Rural Jamaica neglected - PM
Published: Friday | October 30, 2009
( L - R ) Golding, Brathwaite
Western Bureau:
Prime Minster Bruce Golding conceded to the notion that rural communities, especially in Jamaica, have suffered economically as a result of an imbalance in development between rural and urban sectors.
"These communities are not able to support their own development because the economic base of those communities, which is agriculture, is so impoverished that it is not able to generate the resources to sustain its own development," Golding confessed at the official opening of the Fifth Ministerial Meeting on Agriculture and the Rural Life in the Americas at the Ritz-Carlton Golf and Spa Resort.
Golding went on to say that for agriculture to be viable in the future, it has to be seen as more than an inescapable way of life or just to put food on the table. It has to be a robust income generator that can provide financially for families.
Agriculture is critical
The sentiment was also shared by Dr Chelston Brath-waite, director general of the Inter-American Institute for Cooperation on Agriculture, who argued that agriculture was a key component to poverty reduction in the region.
"We must come to the realisation that agriculture is critical to national development. By promoting a modern, multi-sectorial agriculture sector, it can help to us reduce poverty and diminish the impact on climate change," Brathwaite revealed.
Chart a new course
In these turbulent times, and given recent projections on population increases, Brath-waite charged the delegation of more than 34 represen-tatives from the Caribbean and the Americas to look at agriculture for some of the solutions.

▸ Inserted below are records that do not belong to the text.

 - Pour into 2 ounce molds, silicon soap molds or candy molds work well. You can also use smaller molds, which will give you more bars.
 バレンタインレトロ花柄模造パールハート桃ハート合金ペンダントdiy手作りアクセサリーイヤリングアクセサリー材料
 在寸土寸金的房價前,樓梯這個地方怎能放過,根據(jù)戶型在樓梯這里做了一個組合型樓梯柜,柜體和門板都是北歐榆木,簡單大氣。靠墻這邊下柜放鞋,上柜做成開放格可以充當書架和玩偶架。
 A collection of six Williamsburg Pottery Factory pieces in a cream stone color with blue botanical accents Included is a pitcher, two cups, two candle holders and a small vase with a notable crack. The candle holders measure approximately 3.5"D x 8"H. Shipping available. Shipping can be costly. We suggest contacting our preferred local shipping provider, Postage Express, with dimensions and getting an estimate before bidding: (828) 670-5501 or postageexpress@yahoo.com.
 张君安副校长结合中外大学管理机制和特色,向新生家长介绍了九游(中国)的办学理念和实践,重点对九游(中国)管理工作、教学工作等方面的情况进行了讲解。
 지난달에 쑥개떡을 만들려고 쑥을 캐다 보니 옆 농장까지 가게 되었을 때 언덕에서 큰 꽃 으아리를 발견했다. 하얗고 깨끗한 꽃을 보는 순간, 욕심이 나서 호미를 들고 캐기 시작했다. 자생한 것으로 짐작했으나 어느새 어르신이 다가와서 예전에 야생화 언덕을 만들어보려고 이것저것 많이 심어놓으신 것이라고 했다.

Brathwaite further added that for rural communities to benefit adequately from the business of agriculture, leaders have to chart a new course on development modules.

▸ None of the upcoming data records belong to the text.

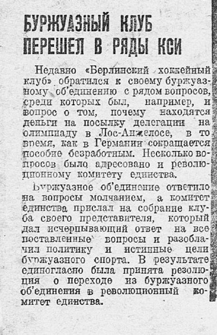 И еще не известно сколько раз могли бы приехать «красные» хоккеисты из Германии, если бы не приход в ней к власти крайне правых. Тем более, что потенциал для развития у «Роте Шпортайнхайт» имелся. В органе Ленинградского областного совета физкультуры газете «Спартак» (№ 13 за 6 октября 1932 года) появилась заметка о переходе «Берлинского хоккейного клуба»* (Berliner Hockey-Club) под юрисдикцию «Красного единства». Похожая заметка была опубликована и несколькими днями ранее (№ 12 (45) за 30 сентября 1932 года).
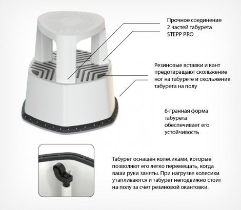 Передвижной табурет-стремянка STEPP PRO позволяет без труда добираться до полок, расположенных выше человеческого роста. Особенности: оснащён колёсиками, с помощью которых табурет легко передвигать, даже если руки заняты имеет резиновую окантовку и вставки, что предотвращает скольжение табурета на полу и скольжение ног на табурете подходит для использования в магазинах, аптеках, на складах, в офисах, а также дома или в гараже. Характеристики: высота: 440 мм максимальная нагрузка: 150 кг вес: 2,8 кг материал: пластик Табурет поставляется в разобранном виде.
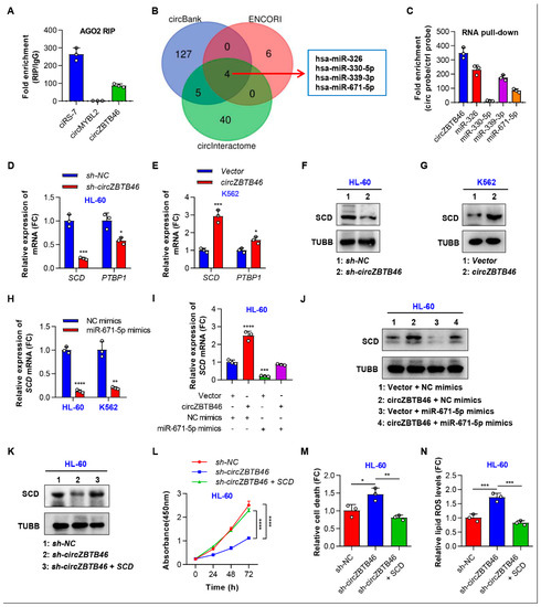 CircZBTB46 exerts its oncogenic effect by upregulating SCD. (A) qRT–PCR showing the enrichment of circRNAs in a representative anti-AGO2 RIP assay in AML cells. (B) Venn diagram showing the intersection among the candidate miRNAs interacting with circZBTB46 as predicted in three open-access databases. (C) qRT–PCR showing the enrichment of miRNAs upon circZBTB46 pull-down in AML cell lysates. (D) qRT–PCR showing the expression of SCD and PTBP1 mRNAs in HL-60 cells under control conditions (sh-NC) or upon circZBTB46 knockdown (sh-circZBTB46). (E) qRT–PCR showing the expression of SCD and PTBP1 mRNAs in K562 cells after the transfection of control vector or circZBTB46 vector. (F) Representative Western blot of SCD protein in HL-60 cells under control conditions (sh-NC) or upon circZBTB46 knockdown (sh-circZBTB46). TUBB was used as a loading control. (G) Representative Western blot of SCD protein in K562 cells after the transfection of control vector or circZBTB46 vector. (H) qRT–PCR showing the expression of SCD mRNA in AML cells after the transfection of NC mimics or miR-671-5p mimics. (I) qRT–PCR showing the expression of SCD mRNA in HL-60 cells after the transfection of control vector or circZBTB46 vector with or without NC mimics or miR-671-5p mimics. (J) Representative Western blot of SCD protein in HL-60 cells after the transfection of control vector or circZBTB46 vector with or without NC mimics or miR-671-5p mimics. (K) Representative Western blot of SCD protein in HL-60 cells under control conditions (sh-NC), upon circZBTB46 knockdown (sh-circZBTB46), or upon sh-circZBTB46 + SCD vector cotransfection. (L) CCK-8 assay showing the proliferation ability of HL-60 cells under control conditions (sh-NC), upon circZBTB46 knockdown (sh-circZBTB46), or upon sh-circZBTB46 + SCD vector cotransfection. (M) Relative cell death of HL-60 cells under control conditions (sh-NC), upon circZBTB46 knockdown (sh-circZBTB46), or upon sh-circZBTB46 + SCD vector cotransfection. (N) Relative lipid ROS levels of HL-60 cells under control conditions (sh-NC), upon circZBTB46 knockdown (sh-circZBTB46), or upon sh-circZBTB46 + SCD vector cotransfection. ROS, reactive oxygen species. The data are shown as the mean ± SD. The p values were determined with either a two-tailed unpaired Student’s t test (D,E,H) or a one-way (I,M,N) or two-way ANOVA (L); * p < 0.05, ** p < 0.01, *** p < 0.001, **** p < 0.0001. See also Figure S5.
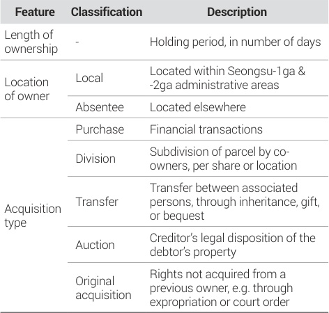토지등기부등본 데이터셋은 토지의 ‘활용성’에 주목하여 토지 소유권의 ① 온전한 이전, ② 온전한 소유권의 최초 분할 이전, ③ 지분 통합을 통한 온전한 이전에 의해 발생한 등기에 한하여 추출하였으며, 공유자 간의 개별 지분거래나 소유권이전청구, 압류 및 가압류 등의 등기사항은 제외하였다. 소유권 취득 주체 간 전반적인 부동산 취득 목적과 활용 경향의 차이를 보다 세부적으로 확인하기 위해, 선행연구를 바탕으로 ① 소유 기간, ② 부재지주 비율, ③ 소유권 변동 원인의 관점에서 대상지의 소유자 유형별 특성을 <표 3>과 같이 살펴보았다.

He explained that "current development modules have created a rural bias in which the approach to growing the economy is to develop the urban sector. In developing the urban area we have ignored the rural communities. As a consequence, persons have moved out of the rural areas to the city which creates serious social problems."
The weeklong event is the most important agricultural event in the hemisphere and seeks to discuss and reach agreements on the priorities and strategic actions for sustainable development of agriculture and rural life.